■ EXERCISE DETAILS ■
Below are the entries. Print only the lines starting at the one with "Важным этапом стала" and ending at the one with "Wentropro PaperLine 20 ist", exactly, with no pictures.
[LISTED RECORDS Boundary: Start]
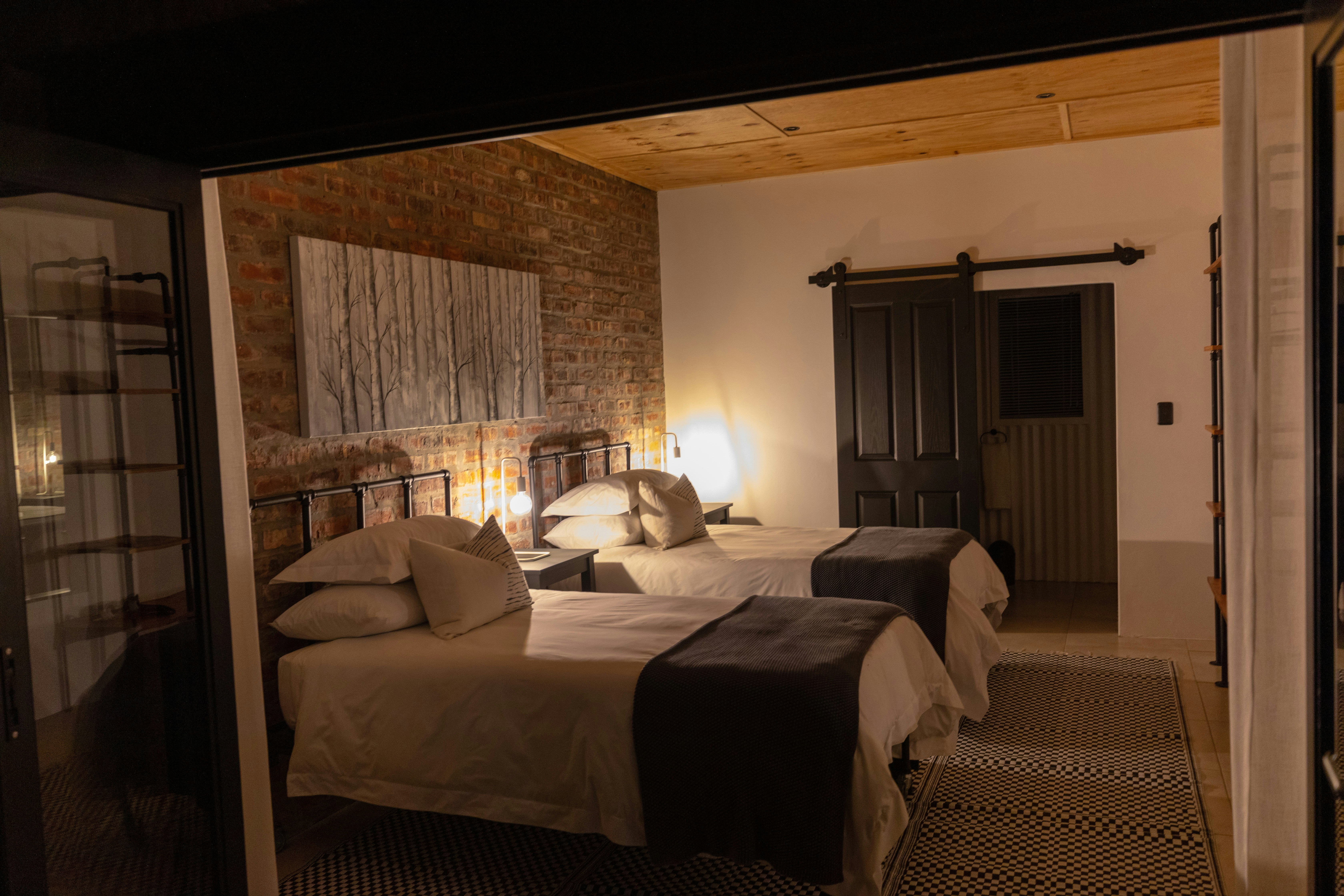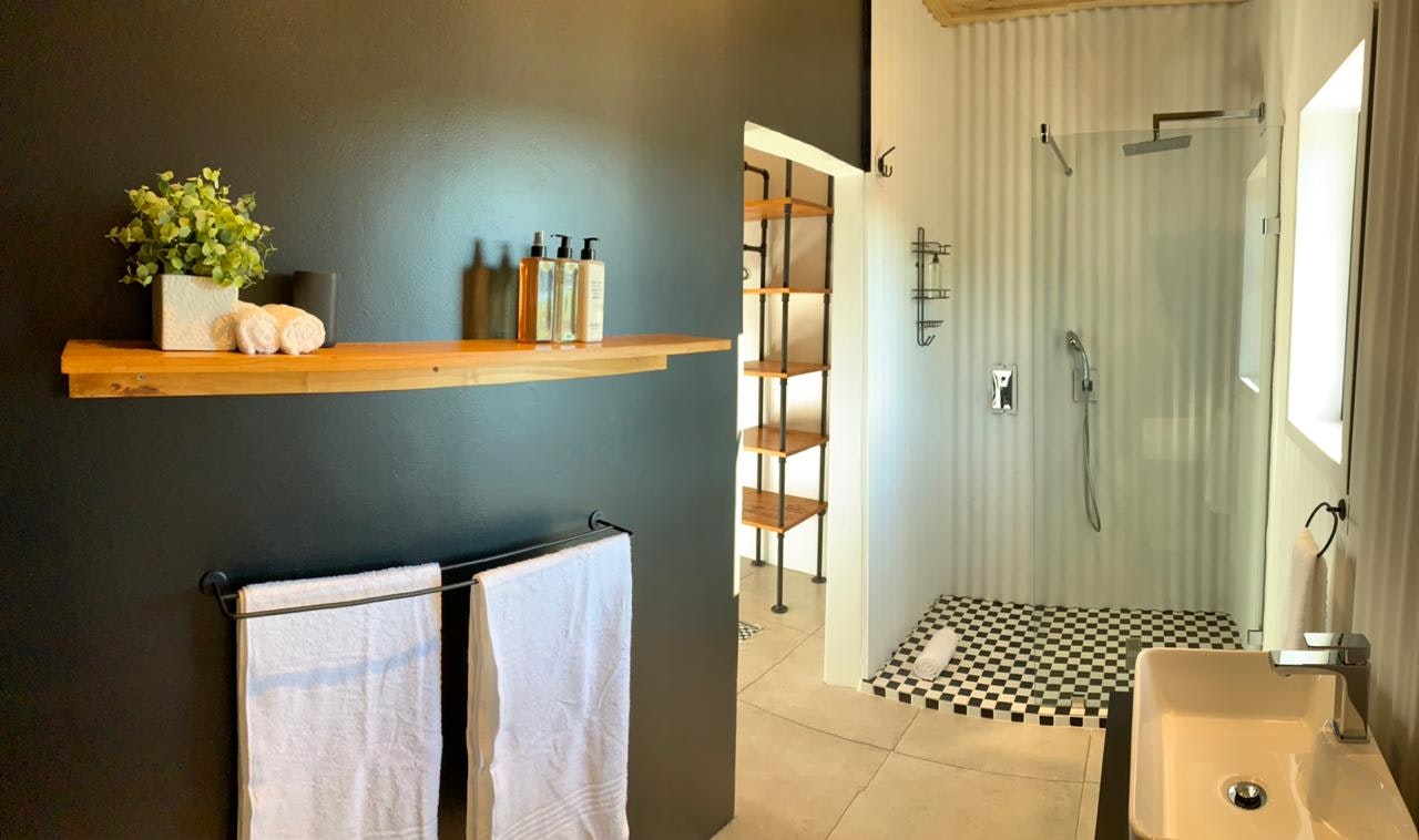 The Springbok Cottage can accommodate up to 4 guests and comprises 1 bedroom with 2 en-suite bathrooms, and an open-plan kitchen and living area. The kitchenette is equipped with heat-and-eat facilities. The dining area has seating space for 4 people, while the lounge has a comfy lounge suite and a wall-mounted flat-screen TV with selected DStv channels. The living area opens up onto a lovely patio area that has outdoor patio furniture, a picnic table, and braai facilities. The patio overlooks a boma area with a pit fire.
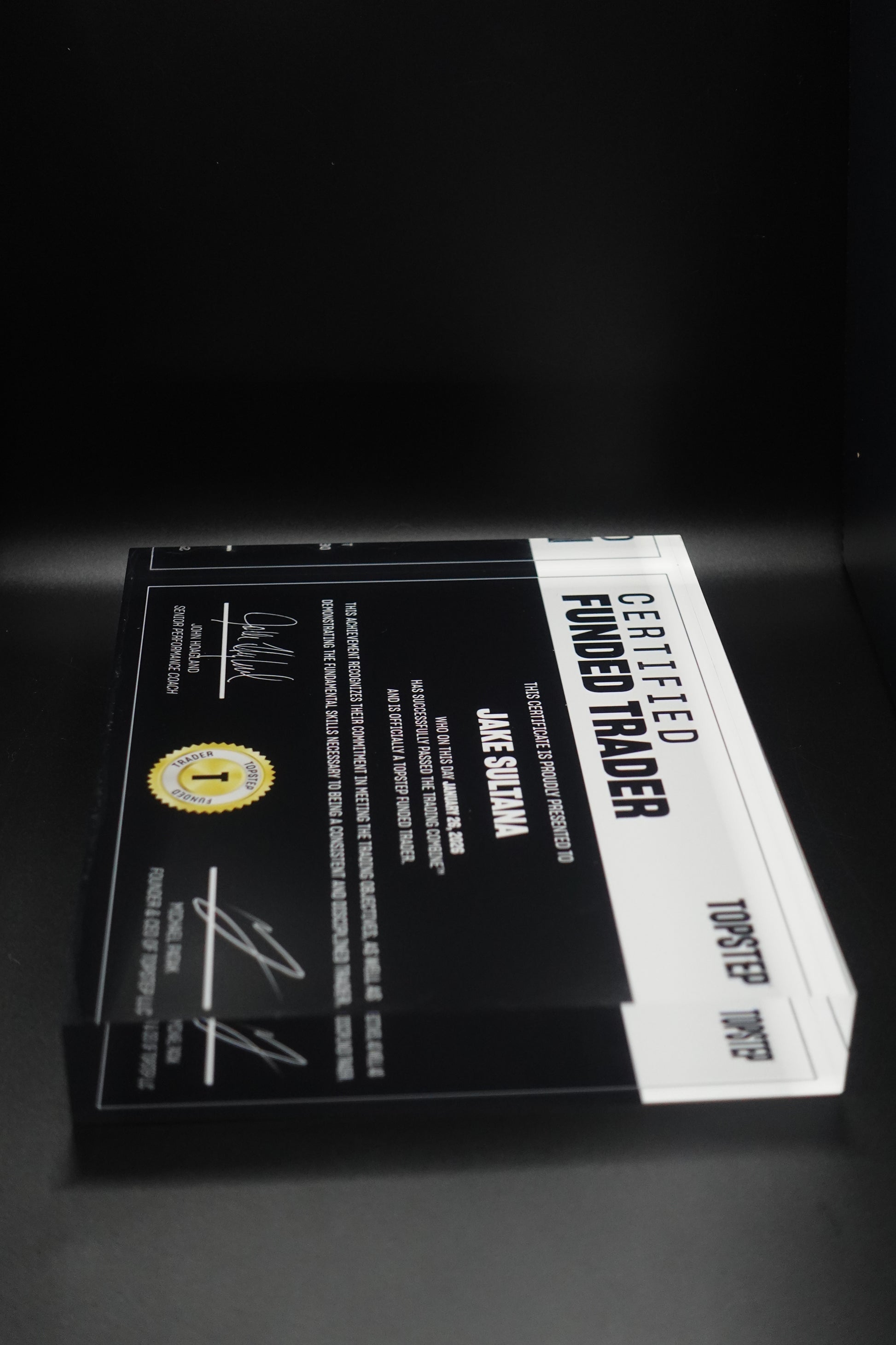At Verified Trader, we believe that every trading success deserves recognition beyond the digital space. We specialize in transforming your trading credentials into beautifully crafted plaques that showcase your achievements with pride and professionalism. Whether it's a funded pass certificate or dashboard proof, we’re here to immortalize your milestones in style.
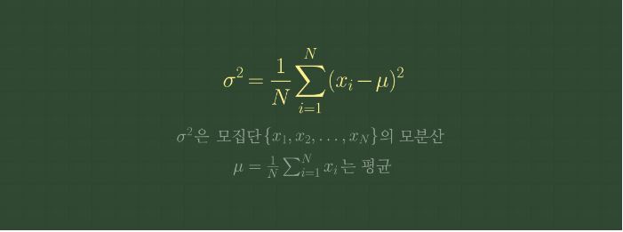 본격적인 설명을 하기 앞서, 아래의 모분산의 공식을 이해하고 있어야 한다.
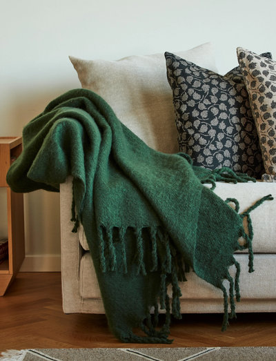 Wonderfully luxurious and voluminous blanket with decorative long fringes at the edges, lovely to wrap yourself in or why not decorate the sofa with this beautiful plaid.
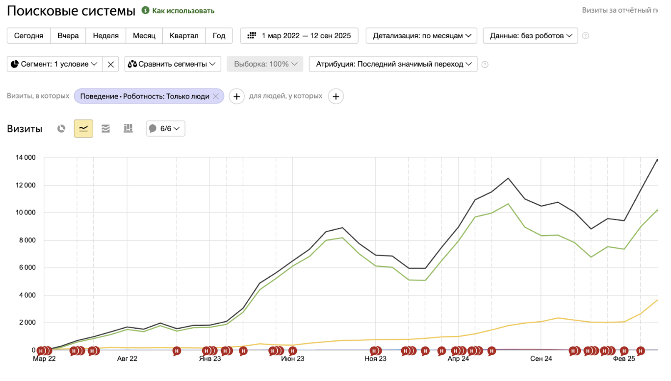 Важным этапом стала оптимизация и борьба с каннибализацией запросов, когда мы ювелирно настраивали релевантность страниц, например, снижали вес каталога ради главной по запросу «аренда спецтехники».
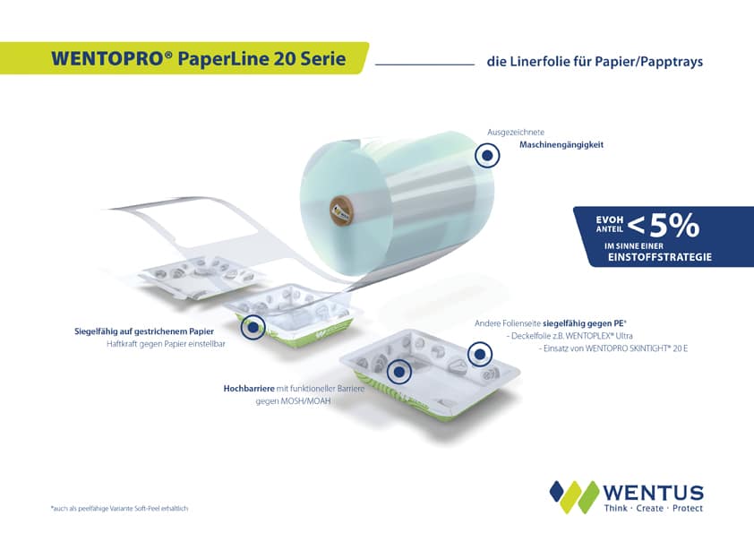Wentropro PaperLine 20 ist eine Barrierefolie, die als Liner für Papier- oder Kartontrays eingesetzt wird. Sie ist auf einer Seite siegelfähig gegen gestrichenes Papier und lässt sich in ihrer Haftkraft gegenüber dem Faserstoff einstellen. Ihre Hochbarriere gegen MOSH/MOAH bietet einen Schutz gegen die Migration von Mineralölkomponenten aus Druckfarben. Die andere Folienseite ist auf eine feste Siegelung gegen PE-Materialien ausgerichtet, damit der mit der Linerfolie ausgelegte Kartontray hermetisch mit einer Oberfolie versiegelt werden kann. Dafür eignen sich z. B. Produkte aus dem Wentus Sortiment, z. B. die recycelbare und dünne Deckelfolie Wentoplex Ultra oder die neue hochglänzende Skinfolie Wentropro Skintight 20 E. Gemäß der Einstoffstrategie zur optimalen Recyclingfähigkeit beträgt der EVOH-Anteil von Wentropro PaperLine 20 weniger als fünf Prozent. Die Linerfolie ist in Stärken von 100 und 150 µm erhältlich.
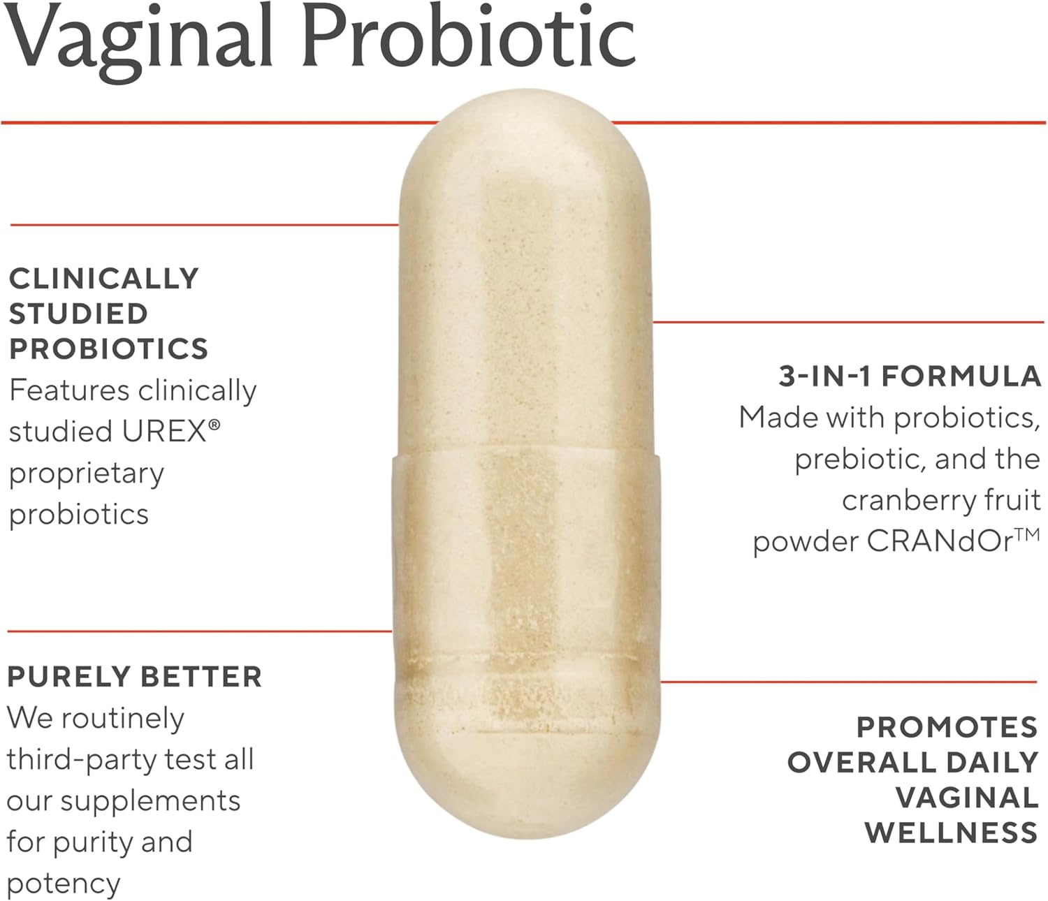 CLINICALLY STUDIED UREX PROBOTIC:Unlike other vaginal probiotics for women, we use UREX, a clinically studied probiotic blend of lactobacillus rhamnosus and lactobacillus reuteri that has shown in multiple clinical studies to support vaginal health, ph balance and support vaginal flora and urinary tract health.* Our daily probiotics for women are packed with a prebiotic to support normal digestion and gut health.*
[LISTED RECORDS Boundary: End]
■ WRITTEN ANSWER ■
 Важным этапом стала оптимизация и борьба с каннибализацией запросов, когда мы ювелирно настраивали релевантность страниц, например, снижали вес каталога ради главной по запросу «аренда спецтехники».
Wentropro PaperLine 20 ist eine Barrierefolie, die als Liner für Papier- oder Kartontrays eingesetzt wird. Sie ist auf einer Seite siegelfähig gegen gestrichenes Papier und lässt sich in ihrer Haftkraft gegenüber dem Faserstoff einstellen. Ihre Hochbarriere gegen MOSH/MOAH bietet einen Schutz gegen die Migration von Mineralölkomponenten aus Druckfarben. Die andere Folienseite ist auf eine feste Siegelung gegen PE-Materialien ausgerichtet, damit der mit der Linerfolie ausgelegte Kartontray hermetisch mit einer Oberfolie versiegelt werden kann. Dafür eignen sich z. B. Produkte aus dem Wentus Sortiment, z. B. die recycelbare und dünne Deckelfolie Wentoplex Ultra oder die neue hochglänzende Skinfolie Wentropro Skintight 20 E. Gemäß der Einstoffstrategie zur optimalen Recyclingfähigkeit beträgt der EVOH-Anteil von Wentropro PaperLine 20 weniger als fünf Prozent. Die Linerfolie ist in Stärken von 100 und 150 µm erhältlich.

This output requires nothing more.